The retroactive date in a liability insurance policy is either –
- Date from which you have held uninterrupted insurance cover (despite changing insurers on renewal) or
- Date from which your insurer has agreed to provide
The retroactive date is important because it determines how far back in time an incident can occur for your policy to still protect you. Any claim arising from events that have occurred prior to the retroactive date is excluded from the cover.
As claims-made insurance policies cover liability claims that surface while the policy is active, no matter the original loss could have occurred many years in the past. Hence in order to stay protected one must carry forward the retroactive date of the first policy purchased in each renewed policy by avoiding gaps during policy renewal.
In case there is a gap at policy renewal, retroactive benefits are lost as insurers offer coverage from the new policy date. In an exceptional case, the expiring insurer may agree to reinstate retroactive date benefit for the client upon a charge of the additional risk premium and NKORL (no known or reported loss) declaration.

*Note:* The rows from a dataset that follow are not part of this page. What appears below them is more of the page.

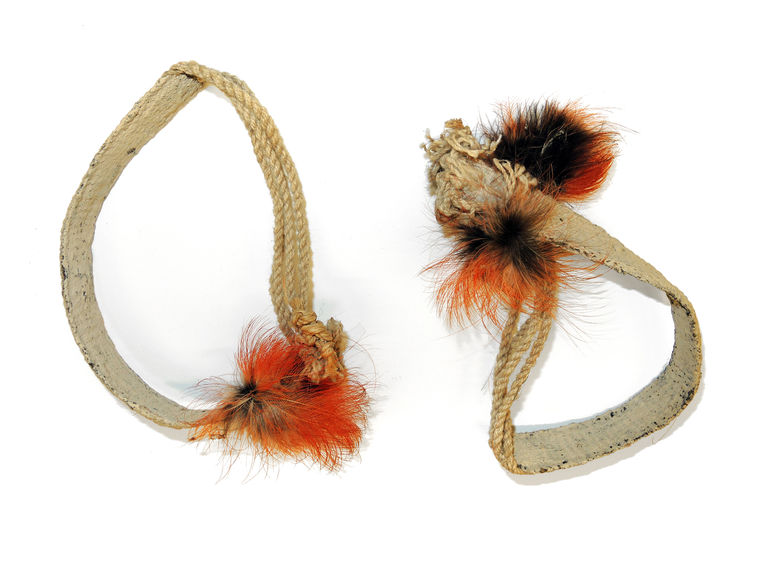 Função: Para pernas e braços, usados hoje permanentemente por mulheres e meninas, às vezes substituídos por pedaços de plástico. Este par, de cor branca: usado por mulheres
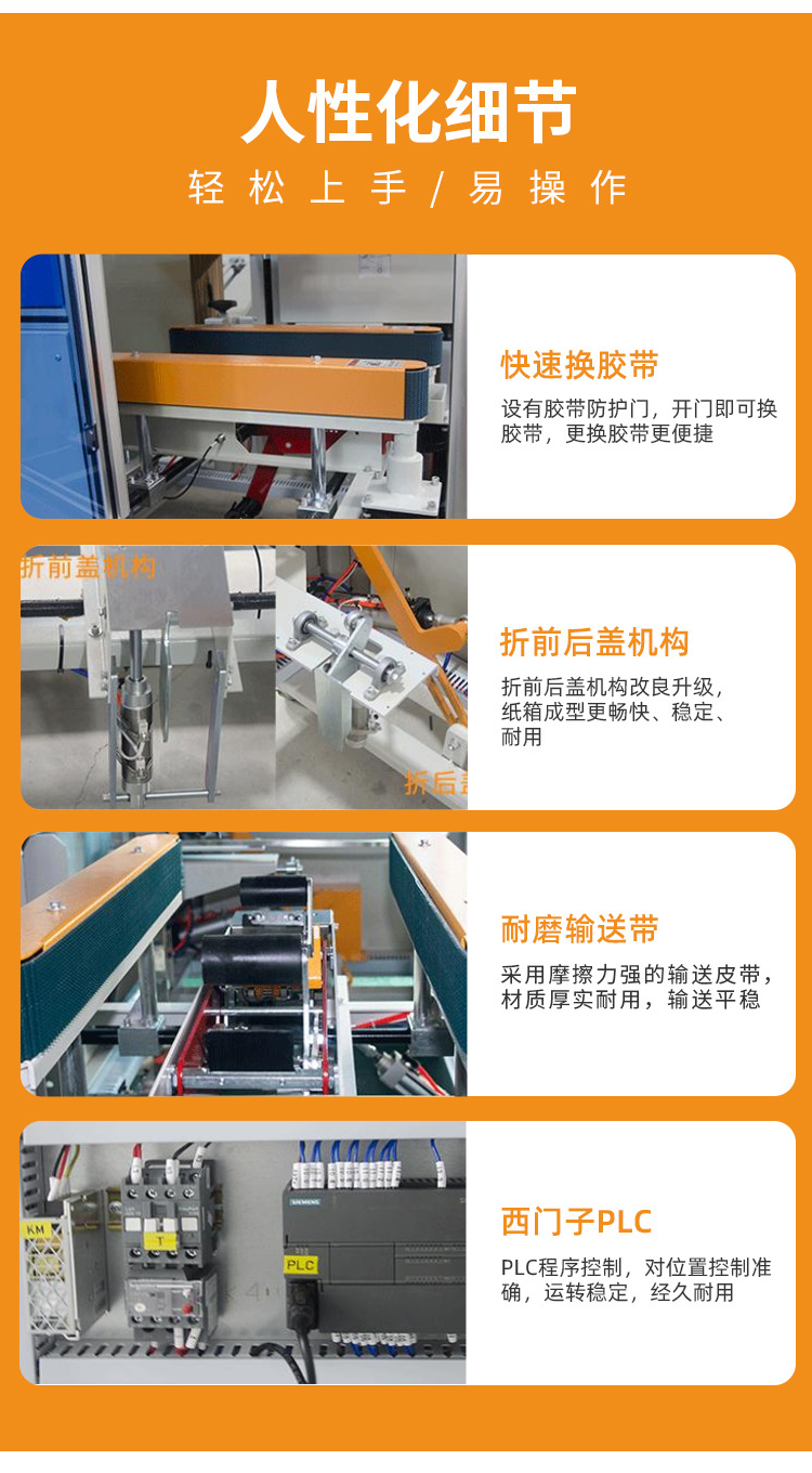 電商封箱機配套快遞貼面單機,封箱貼面單效率日發8000+。具備一鍵式傻瓜操作,自動化封箱貼面單一步完成,保養簡單,穩定性強的特點
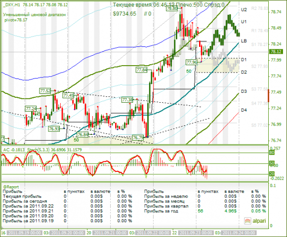 В четверг на американской сессии индекс доллара поднимался до уровня 78,80. Резкий рост доллара начался в среду после заседания ФРС США и усилился в четверг после выхода данных по индексам деловой активности в производственном и сервисном секторе Европы, которые оказались хуже прогнозных значений. Новости из Великобритании тоже подкачали и вызвали новую волну открытия длинных позиций по американскому доллару.

Let us use illustrate the retroactive date concept with an example –
Suppose a client purchased the first D&O policy on 01 April 2015. The policy was timely renewed by the client maintain the policy retroactive date as 01 April 2015 (though he kept switching insurers based on quoted premiums and policy terms & conditions). A claim was reported in the current policy as a result of an event that had occurred on –
- 01 January 2015
- 01 January 2016
Since the retroactive date of the policy is 01 April 2015, claims for events occurring after the retroactive date will be covered in the policy. Hence claim for which the event date is 01 January 2016 will be accepted and the other claim for which the event date is 01 January 2015 will be rejected.